Referential Integrity is a feature provided by Relational Database Management System (RDBMS) that prevents users or applications from entering inconsistent data. Most RDBMS have various referential integrity rules that are automatically applied when you create a relationship between two tables.

For example, suppose Table.Car has a foreign key that links to a field in Table.Rental. Referential integrity would prevent you from adding a record to Table.Car that cannot be linked to Table.Rental.

Also closely related to the referential integrity rules; are the Cascade Update and Cascade Delete rules.



One to Many relationships – are abbreviated to 1:M - e.g. one customer makes many rentals.

Many to One relationships - are abbreviated to M:1 - e.g. one car has many customers who drive it.

Many to Many relationships - are abbreviated to M:M.

Cascade Update

Whenever you modify or update the value of a linked field in Table.Rental, all records in Table.Car that are linked to it, will also be updated. This is a cascading update - the updates 'cascade' down from the master table to all the detail tables.


Cascade Delete

Whenever you delete a record from Table.Rental, any records in Table.Car that are linked to the deleted Rental record, will also be deleted. This is a cascading delete - the deletions 'cascade' down from the master table to all the detail tables.


Functional Dependency

An attribute (customer address) of an entity (customer) is FUNCTIONALLY DEPENDANT on another attribute (customer name) ONLY if each occurrence of the first attribute (customer name) has associated with it only ONE occurrence of the second attribute (customer address).

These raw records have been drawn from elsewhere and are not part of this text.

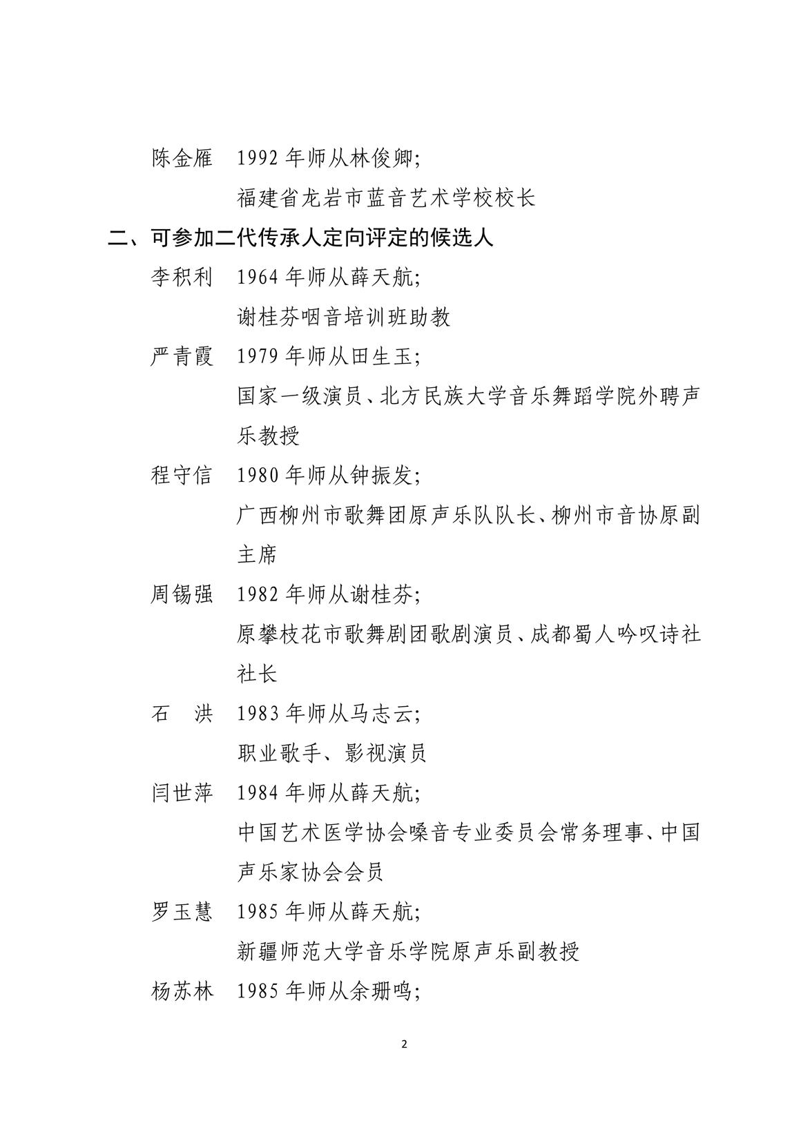 咽音練聲法傳承人定向評定候選人名單(一)
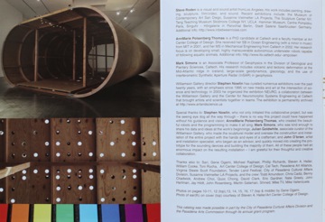 the publication was funded by a grant from the city of pasadena cultural affairs division and the pasadena arts commission thorugh its annual grant program. the recording of the installation was made by michael raphael.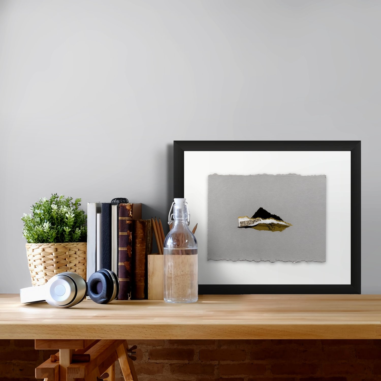 Allison’s collage Untitled with Gold #12 displayed on a hallway table.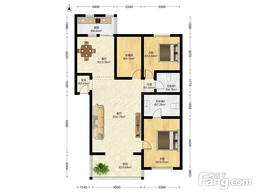 户型齐全,主打户型方正,明厨,主卧朝南三居
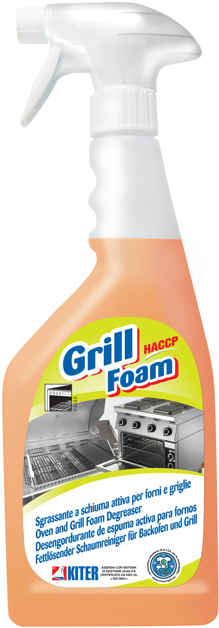 GRILL FOAM è uno sgrassante professionale in schiuma, ideale per rimuovere grassi carbonizzati e incrostazioni da forni, piastre, grill e friggitrici. La formula attiva garantisce ottimi risultati su superfici resistenti agli alcali, anche in presenza di sporco ostinato. Profumato, non cola ed è pratico su superfici verticali. Da utilizzare con dispositivi di protezione. Non indicato su alluminio. Solo per uso professionale.
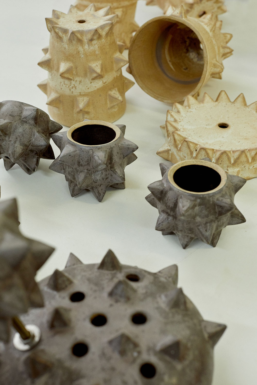 Renaud points to the Studded Collection, which they see as a punk extension of Ridge. Arrangements of small, hand-molded pyramids stud the surfaces of vessels and light fixtures of varying sizes. Depending on the pattern, they loosely resemble sea urchins, S&M gear, medieval weaponry, or ritualistic Mayan urns. The line has become synonymous with LGS’s brand, fusing aesthetics of rebellion with a nod to nature and the long, rich history of art.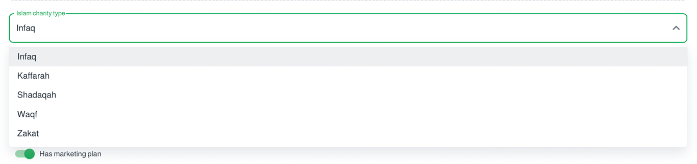 Step 3: Choose which type of Islam charity that your campaign refers to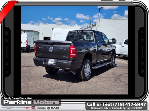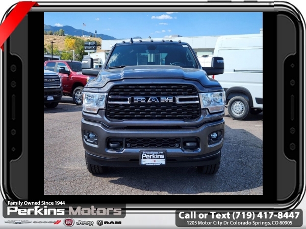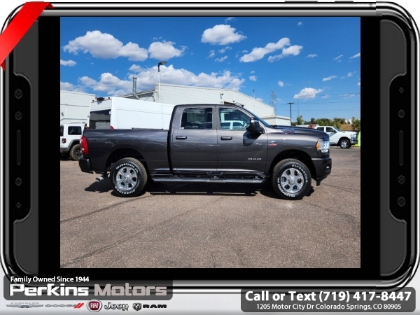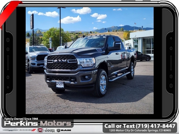 Factory MSRP: $79,280 $14,775 off MSRP! Granite Crystal Metallic Clearcoat 2024 Ram 2500 Big Horn 4WD 6-Speed Automatic Cummins 6.7L I6 Turbodiesel<br><br>Check us out at www.perkinsmotors.com to see our specials! Since opening our doors in 1944, we’ve been proud to serve Colorado Springs, CO, and the surrounding areas of Pueblo, Castle Rock and Denver, CO. Throughout this time of being family owned for 80 years, we’ve maintained a firm commitment to our customers: to offer a wide selection of New Chrysler, Dodge, Fiat, Jeep, and Ram vehicles and quality pre-owned vehicles, and provide a quick, no-hassle car-buying process that ensures everyone drives off the lot satisfied with their purchase.<br><br>Bed Utility Group (LED Bed Lighting, MOPAR Deployable Bed Step, and MOPAR Spray In Bedliner), Cold Weather Group (Engine Block Heater and MOPAR Winter Front Grille Cover), Heated Seats & Wheel Group (Heated Front Seats, Heated Steering Wheel, Leather Wrapped Steering Wheel, and Steering Wheel Mounted Audio Controls), Level 1 Equipment Group (2 Way Rear Headrest Seat, 2nd Row In Floor Storage Bins, 4 Way Front Headrests, 40/20/40 Split Bench Seat, 4G LTE Wi-Fi Hot Spot, 8.4 Touchscreen Display, Apple CarPlay, Auto Power-Folding Mirrors, Big Horn IP Badge, Black Exterior Mirrors, Bluetooth Handsfree Phone & Audio, Center Hub, Connectivity - US/Canada, Dual Glove Boxes, Exterior Mirrors Courtesy Lamps, Exterior Mirrors w/Heating Element, Exterior Mirrors w/Supplemental Signals, Foam Bottle Insert (Door Trim Panel), Footwell Courtesy Lamp, For Details, Visit DriveUconnect.com, For More Info, Call 800-643-2112, Forward & Reverse Utility Lights, Front Armrest w/Cupholders, Front Center Seat Cushion Storage, Front Fog Lamps, Front Seat Back Map Pockets, Global Telematics Box Module (TBM), Glove Box Lamp, Google Android Auto, GPS Antenna Input, Integrated Center Stack Radio, Integrated Voice Command w/Bluetooth, Locking Lower Glove Box, Manual Adjust 4-Way Front Passenger Seat, Mirror Running Lights, Power 2-Way Driver Lumbar Adjust, Power Adjust 8-Way Driver Seat, Power Adjust Mirrors, Power Adjustable Convex Aux Mirrors, Power Heated Fold Telescope Mirrors, Power Telescoping Mirrors, Rear 60/40 Folding Seat, Rear Dome w/On/Off Switch Lamp, Remote USB Port - Charge Only, Selectable Tire Fill Alert, SiriusXM Radio Service, SiriusXM Satellite Radio, Storage Tray, and Wheels: 18 x 8.0 Polished Aluminum), Protection Group (Tow Hooks), Quick Order Package 2HZ Big Horn, Snow Chief Group (Anti-Spin Differential Rear Axle, Auxiliary Switches Prep, Clearance Lamps, Dash Pass Thru Wire Circuits, and I/P Mounted Auxiliary Switches), Sport Appearance Package (Black Interior Accents, Body Color Door Handles, Body Color Grille Surround, Painted Front Bumper, Painted Rear Bumper, ParkSense Front/Rear Park Assist System, and Sport Decal), 115V Auxiliary Front Power Outlet, 12 Touchscreen Display, 220 Amp Alternator, 3.73 Axle Ratio, 4-Wheel Disc Brakes, 400W Inverter, 5th Wheel/Gooseneck Towing Prep Group, 6 Speakers, 9 Alpine Speakers w/Subwoofer, ABS brakes, Active Noise Control System, Air Conditioning, Air Conditioning ATC w/Dual Zone Control, Alexa Built-In, All R1 High Radios, All Radio Equipped Vehicles, Auto Level Rear Air Suspension, Blind Spot & Cross Path Detection, Brake assist, Bumpers: chrome, Center Stack Storage Drawer, Chrome Flat Wheel-to-Wheel Side Steps, Cloth 40/20/40 Bench Seat, Compass, Connected Travel & Traffic Services, Cruise Control, CTR Stop Lamp w/Cargo View Camera, Delay-off headlights, Disassociated Touchscreen Display, Driver door bin, Dual Alternators Rated At 440 Amps, Dual front Sale price includes all manufacture's incentives and dealer discounts. Sale price not available on lease or compatible with special APR. $1000 - 2024West BC Trade Assist Bonus Cash. Exp. 06/02/2025 $1500 - 2024 National Stellantis Loyalty Bonus Cash . Exp. 06/02/2025 $6726 - 2024 National Minimum Employee Pricing Discount . Exp. 0

A customer will only supply one billing address to the Car Hire Company.


Commit & Rollback

A standard mechanism for ensuring completion of a set of transactions involves; commit (like a Save) and rollback (rolls the data back to the previous, ‘good’ save).

Very often during data processing; transactions are grouped together. Transfer of funds using a debit card from the Car Hire Customer’s bank account to The Car Hire Company bank account is an example; where the transaction process must ensure that BOTH steps are satisfactorily completed.

In using commit and rollback, a set of transactions must be identified as belonging to a single group. Then, when the entire group of transactions is completed satisfactorily, a commit statement is issued to make sure that all changes are stored on the database server. If an error prevents completion, a rollback command is issued that undoes all the transactions in the set so far completed, returning the database to its original, pre-change state.